Before President Joe Biden could finish his “State of the Union” address on Thursday night, former Rep. George Santos made a surprising, yet on-brand announcement: he will run for Congress (again) in 2024, despite the 23 felony charges looming over his head and the fact that he was just expelled from the House of Representatives a few months ago.
“I just witnessed a weak, frail president deliver spin and lies to the American people from inside the chambers,” he said in a tweet announcing his candidacy for New York’s 1st Congressional District. “I have made several personal sacrifices in the name of serving the American people. My promise is that I will never back down because of my love for this country.”
Santos filed his statement of organization with the Federal Election Commission yesterday, making him and Republican incumbent Nick LaLota the only GOP candidates so far running in the district, which represents eastern Long Island. LaLota has received a slew of endorsements in support of his re-election to Congress, including from the Suffolk County Republican Committee.
“To raise the standard in Congress, and to hold a pathological liar who stole an election accountable, I led the charge to expel George Santos,” LaLota said in a statement. “If finishing the job requires beating him in a primary, count me in.”
The U.S. Attorney’s Office in the Eastern District of New York originally filed a 13-count indictment against Santos last May, which included seven counts of wire fraud, three counts of money laundering, one count of theft of public funds and two counts of making materially false statements to the House of Representatives. In October, prosecutors filed a superseding indictment, which added another 10 counts related to wire fraud, identity theft and making materially false statements to the Federal Election Commission.
The federal charges came months after the House Committee on Ethics opened its own investigation into potentially unlawful activity during Santos’ 2022 congressional campaign. The committee later released a report that found Santos did in fact participate in fraudulent conduct. On Dec. 1, 2023, Santos was formally expelled from Congress.
Santos has so far pleaded not guilty to all 23 felony charges. Since the filing of the superseding indictment in October, he and his lawyers – Andrew Leopoldo Mancilla, Robert Mario Fantone Jr. and Joseph Murray – have attended several status conferences where a potential plea deal has been discussed.

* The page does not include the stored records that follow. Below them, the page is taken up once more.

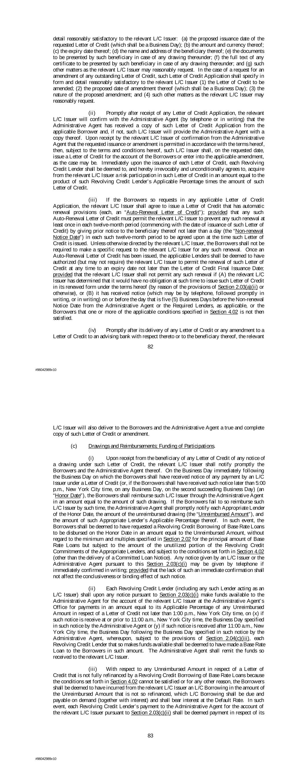 detail reasonably satisfactory to the relevant L/C Issuer: (a) the proposed issuance date of the requested Letter of Credit (which shall be a Business Day); (b) the amount and currency thereof; (c) the expiry date thereof; (d) the name and address of the beneficiary thereof; (e) the documents to be presented by such beneficiary in case of any drawing thereunder; (f) the full text of any certificate to be presented by such beneficiary in case of any drawing thereunder; and (g) such other matters as the relevant L/C Issuer may reasonably request. In the case of a request for an amendment of any outstanding Letter of Credit, such Letter of Credit Application shall specify in form and detail reasonably satisfactory to the relevant L/C Issuer (1) the Letter of Credit to be amended; (2) the proposed date of amendment thereof (which shall be a Business Day); (3) the nature of the proposed amendment; and (4) such other matters as the relevant L/C Issuer may reasonably request. (ii) Promptly after receipt of any Letter of Credit Application, the relevant L/C Issuer will confirm with the Administrative Agent (by telephone or in writing) that the Administrative Agent has received a copy of such Letter of Credit Application from the applicable Borrower and, if not, such L/C Issuer will provide the Administrative Agent with a copy thereof. Upon receipt by the relevant L/C Issuer of confirmation from the Administrative Agent that the requested issuance or amendment is permitted in accordance with the terms hereof, then, subject to the terms and conditions hereof, such L/C Issuer shall, on the requested date, issue a Letter of Credit for the account of the Borrowers or enter into the applicable amendment, as the case may be. Immediately upon the issuance of each Letter of Credit, each Revolving Credit Lender shall be deemed to, and hereby irrevocably and unconditionally agrees to, acquire from the relevant L/C Issuer a risk participation in such Letter of Credit in an amount equal to the product of such Revolving Credit Lender’s Applicable Percentage times the amount of such Letter of Credit. (iii) If the Borrowers so requests in any applicable Letter of Credit Application, the relevant L/C Issuer shall agree to issue a Letter of Credit that has automatic renewal provisions (each, an “Auto-Renewal Letter of Credit”); provided that any such Auto-Renewal Letter of Credit must permit the relevant L/C Issuer to prevent any such renewal at least once in each twelve-month period (commencing with the date of issuance of such Letter of Credit) by giving prior notice to the beneficiary thereof not later than a day (the “Non-renewal Notice Date”) in each such twelve-month period to be agreed upon at the time such Letter of Credit is issued. Unless otherwise directed by the relevant L/C Issuer, the Borrowers shall not be required to make a specific request to the relevant L/C Issuer for any such renewal. Once an Auto-Renewal Letter of Credit has been issued, the applicable Lenders shall be deemed to have authorized (but may not require) the relevant L/C Issuer to permit the renewal of such Letter of Credit at any time to an expiry date not later than the Letter of Credit Final Issuance Date; provided that the relevant L/C Issuer shall not permit any such renewal if (A) the relevant L/C Issuer has determined that it would have no obligation at such time to issue such Letter of Credit in its renewed form under the terms hereof (by reason of the provisions of Section 2.03(a)(ii) or otherwise), or (B) it has received notice (which may be by telephone, followed promptly in writing, or in writing) on or before the day that is five (5) Business Days before the Non-renewal Notice Date from the Administrative Agent or the Required Lenders, as applicable, or the Borrowers that one or more of the applicable conditions specified in Section 4.02 is not then satisfied. (iv) Promptly after its delivery of any Letter of Credit or any amendment to a Letter of Credit to an advising bank with respect thereto or to the beneficiary thereof, the relevant 82 #96042989v10 L/C Issuer will also deliver to the Borrowers and the Administrative Agent a true and complete copy of such Letter of Credit or amendment. (c) Drawings and Reimbursements; Funding of Participations. (i) Upon receipt from the beneficiary of any Letter of Credit of any notice of a drawing under such Letter of Credit, the relevant L/C Issuer shall notify promptly the Borrowers and the Administrative Agent thereof. On the Business Day immediately following the Business Day on which the Borrowers shall have received notice of any payment by an L/C Issuer under a Letter of Credit (or, if the Borrowers shall have received such notice later than 5:00 p.m., New York City time, on any Business Day, on the second succeeding Business Day) (an “Honor Date”), the Borrowers shall reimburse such L/C Issuer through the Administrative Agent in an amount equal to the amount of such drawing. If the Borrowers fail to so reimburse such L/C Issuer by such time, the Administrative Agent shall promptly notify each Appropriate Lender of the Honor Date, the amount of the unreimbursed drawing (the “Unreimbursed Amount”), and the amount of such Appropriate Lender’s Applicable Percentage thereof. In such event, the Borrowers shall be deemed to have requested a Revolving Credit Borrowing of Base Rate Loans to be disbursed on the Honor Date in an amount equal to the Unreimbursed Amount, without regard to the minimum and multiples specified in Section 2.02 for the principal amount of Base Rate Loans but subject to the amount of the unutilized portion of the Revolving Credit Commitments of the Appropriate Lenders, and subject to the conditions set forth in Section 4.02 (other than the delivery of a Committed Loan Notice). Any notice given by an L/C Issuer or the Administrative Agent pursuant to this Section 2.03(c)(i) may be given by telephone if immediately confirmed in writing; pr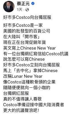 對于此次“Chinese New Year”改為“Lunar New Year”,不少臺灣知名人士也發(fā)表看法。臺灣立法機(jī)構(gòu)前民意代表蔡正元發(fā)帖指,好市多向“臺獨(dú)”屈服,真的不值得讓人尊敬,并認(rèn)為只憑一個(gè)小咖的“臺獨(dú)”網(wǎng)紅抗議,就把中國新年“Chinese New Year”改成“Lunar New Year”,是無知加愚蠢的做法。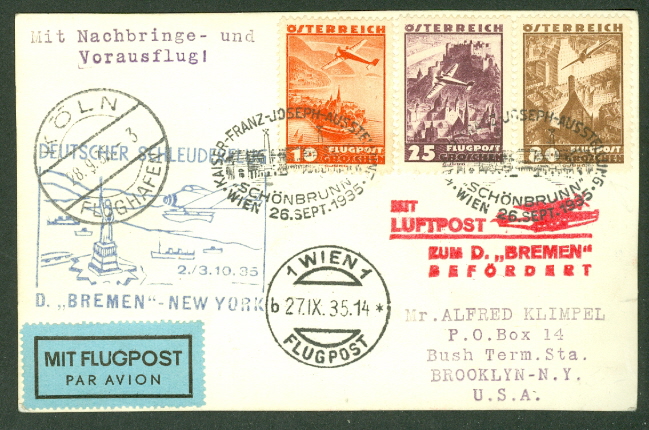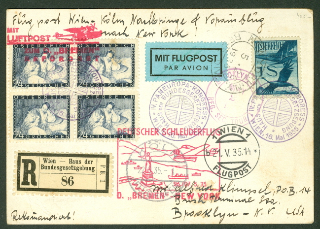 Flight via “Bremen” to NY on registered card, VF, scarce, $450.00 |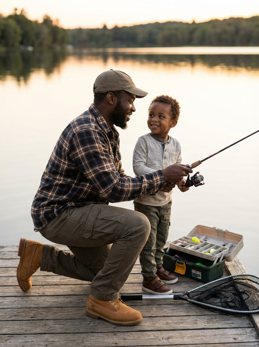 model at fishing spot, father-child bonding, casual outdoor gear, lake or river setting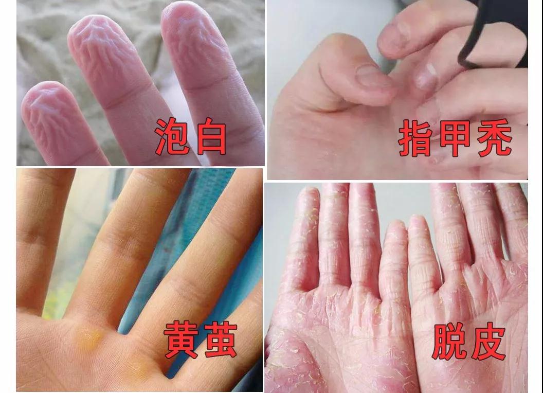 腫腫的,發白、脫皮、指甲禿、起繭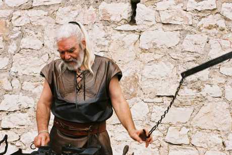 But like in medieval times, a military camp attracts all sorts of side activities. Of course, there is a blacksmith with his forge, who makes and repairs weapons and coats of mails.

“The parties are presently engaged in plea negotiations with the goal of solving this matter without the need for a trial,” prosecutors wrote in a December letter to federal judge Joanna Seybert.
The next status conference is set for Aug. 13, with the trial set to commence about a month later, which provides both sides ample time to strike a plea deal – if one is still on the table.
A spokesperson for the U.S. Attorney’s Office for the Eastern District of New York declined to comment when asked whether the plea deal being negotiated could include a condition prohibiting Santos from running for federal office again and how his decision to launch a new campaign may impact any potential deal.
“If you say a plea is inevitable and a jail sentence is inevitable – and I think both those things are true – then one might ask, why are you running for Congress?” Paul Shechtman, a former assistant U.S. attorney for the Southern District of New York, told City & State. He said Santos may be postponing a plea until after the June primary to benefit his campaign.
Joe Bonilla, a political consultant and managing partner at Relentless Awareness LLC, said that the pending federal charges against Santos may not matter to some Republican primary voters on Long Island.
Even if he doesn’t win the primary, though, his entry into the race is likely to make it harder for LaLota – who faces a strong Democratic challenger in former CNN anchor John Avlon – to hold onto the seat. “The unfortunate thing for New York Republicans is that it’s an unnecessary primary, where they’re trying to hold on to marginal seats right now,” Bonilla said.